For this exercise, restate word for word only the lines from the one containing "- 橙色条表示使用源域数据(笔记本电脑评" through the last line below. Pictures do not get copied.

##### PROVIDED MATERIAL #####

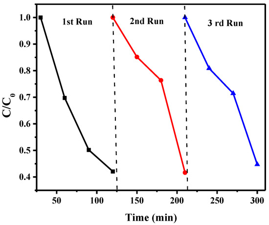 The reusability of the Ru/g-C3N4 sample was evaluated regarding its stability over three consecutive cycles (Figure 16). As Figure 16 indicates, the photocatalyst showed almost the same photodegradation activity towards 20 mg L−1 K₂Cr₂O₇ solution in all three experiments. A slight decrease in the removal efficiency may be due to a loss of catalyst during the collection after each run. Slight differences in the shape of the plot in the case second and third runs compared to the first one may probably arise from a temporary decrease of the active sites on the surface of the Ru/g-C3N4 catalyst during its collection after each run. As a consequence, the adsorption–desorption property of the reused catalyst may slightly deviate from that of the fresh one. In the second period of the irradiations, however, a regeneration of the active sites took place; therefore, no significant decrease could be observed in the photocatalytic yield after three recycling experiments, indicating the stability of the catalyst.
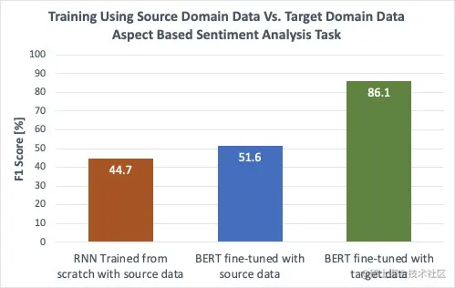 - 橙色条表示使用源域数据(笔记本电脑评论)从头训练RNN,并使用目标域数据(餐厅评论)进行推理;
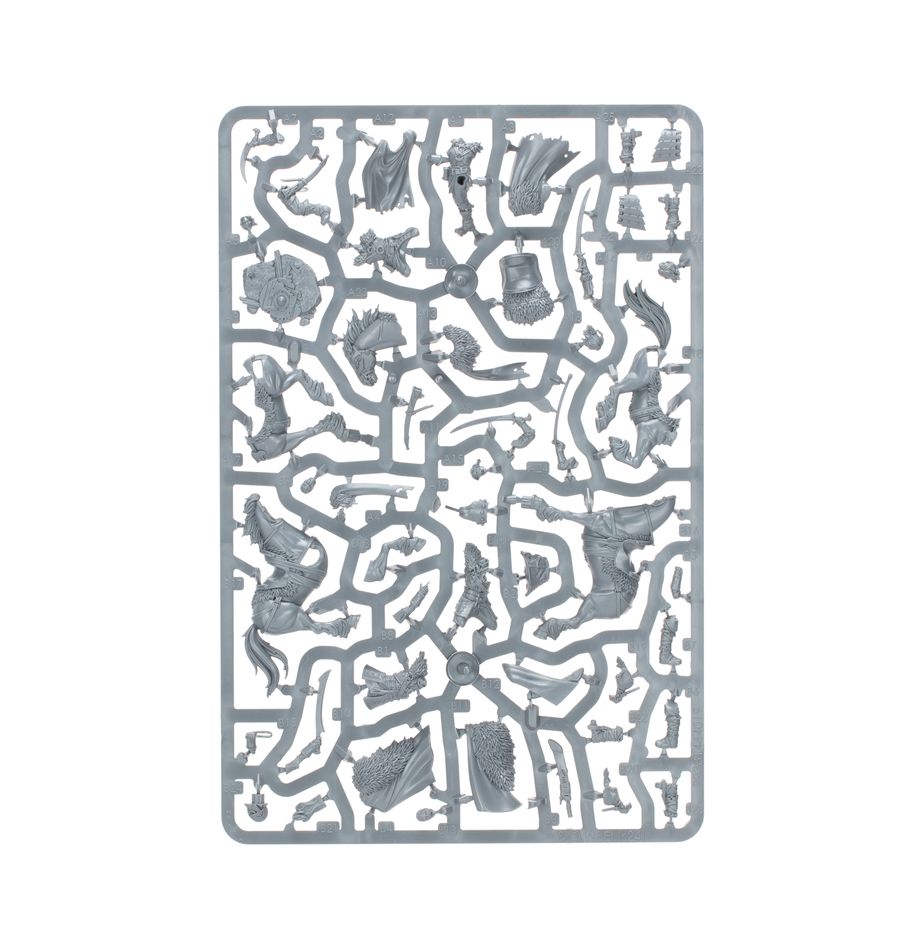 The Battle for Edoras box brings two new evil plastic kits: Hill Tribesmen and Wulf & Generall Targg. Like their Rohan opponents in the starter box, the Hill Tribesmen kit is a 3-section frame and a half, separated by loadouts.The heroes are on a single frame, with mounted and on-foot versions of each.
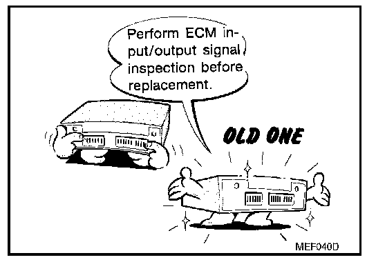 - Before replacing ECM, perform ECM Terminals and Reference Value inspection and make sure ECM functions properly. Refer to EC-112, "ECM Terminals and Reference Value". Pinout Values and Diagnostic Parameters
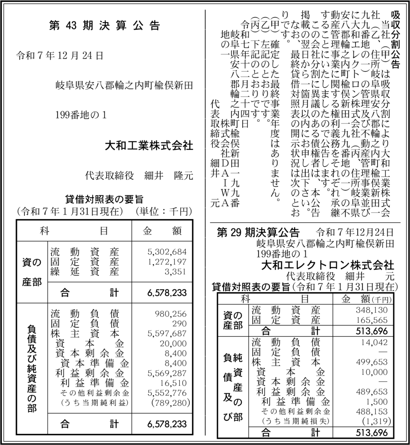 大和エレクトロン株式会社 岐阜県安八郡輪之内町 【2025年1月期】 |
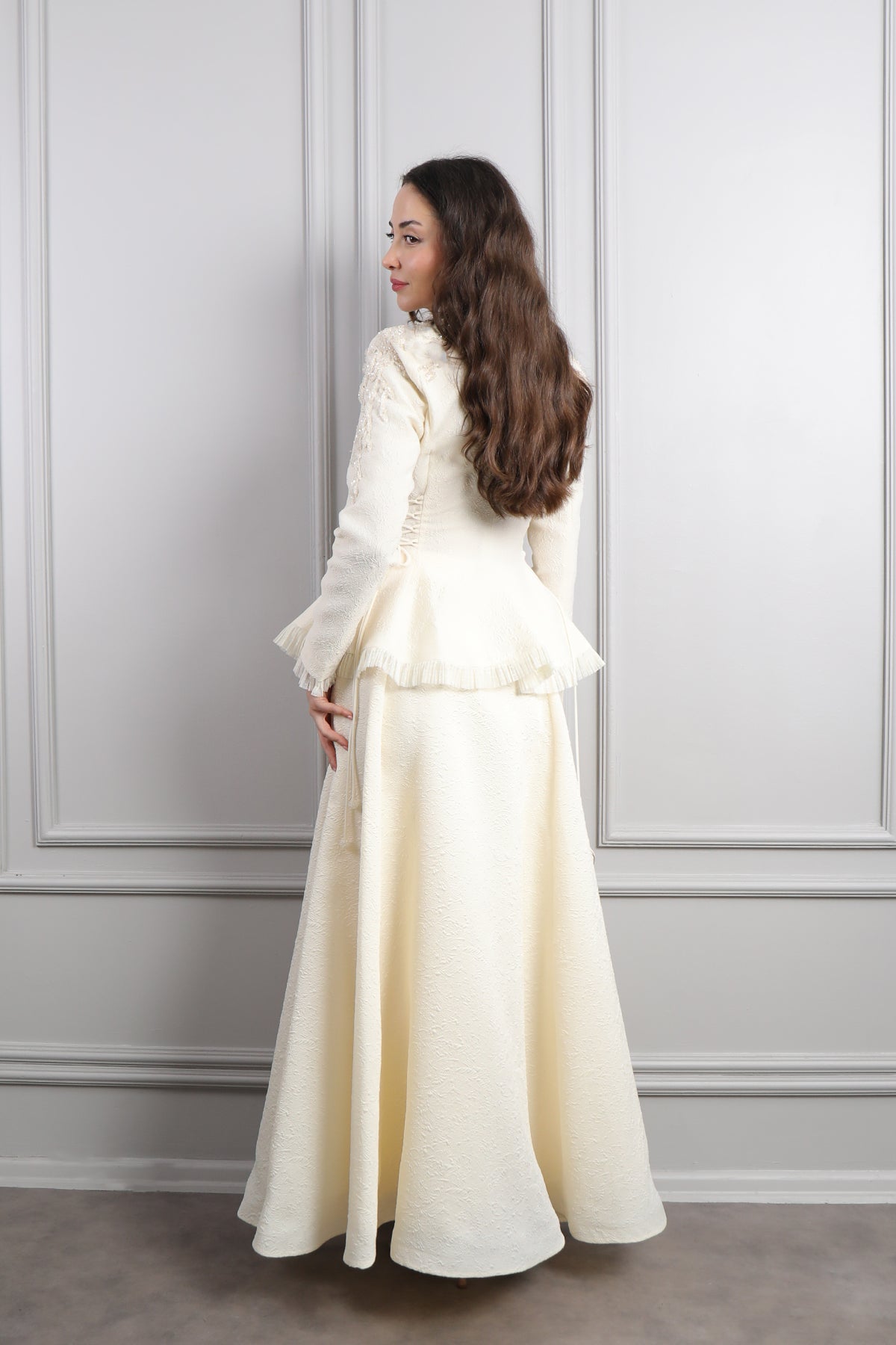 Ceketi Fırfırlı Boncuk İşlemeli Çanta Aksesuar Detaylı Etek Takım Ekru Özellikleri

#####

### SOLUTION FOR THIS PROBLEM
 - 橙色条表示使用源域数据(笔记本电脑评论)从头训练RNN,并使用目标域数据(餐厅评论)进行推理;
 The Battle for Edoras box brings two new evil plastic kits: Hill Tribesmen and Wulf & Generall Targg. Like their Rohan opponents in the starter box, the Hill Tribesmen kit is a 3-section frame and a half, separated by loadouts.The heroes are on a single frame, with mounted and on-foot versions of each.
 - Before replacing ECM, perform ECM Terminals and Reference Value inspection and make sure ECM functions properly. Refer to EC-112, "ECM Terminals and Reference Value". Pinout Values and Diagnostic Parameters
 大和エレクトロン株式会社 岐阜県安八郡輪之内町 【2025年1月期】 |
 Ceketi Fırfırlı Boncuk İşlemeli Çanta Aksesuar Detaylı Etek Takım Ekru Özellikleri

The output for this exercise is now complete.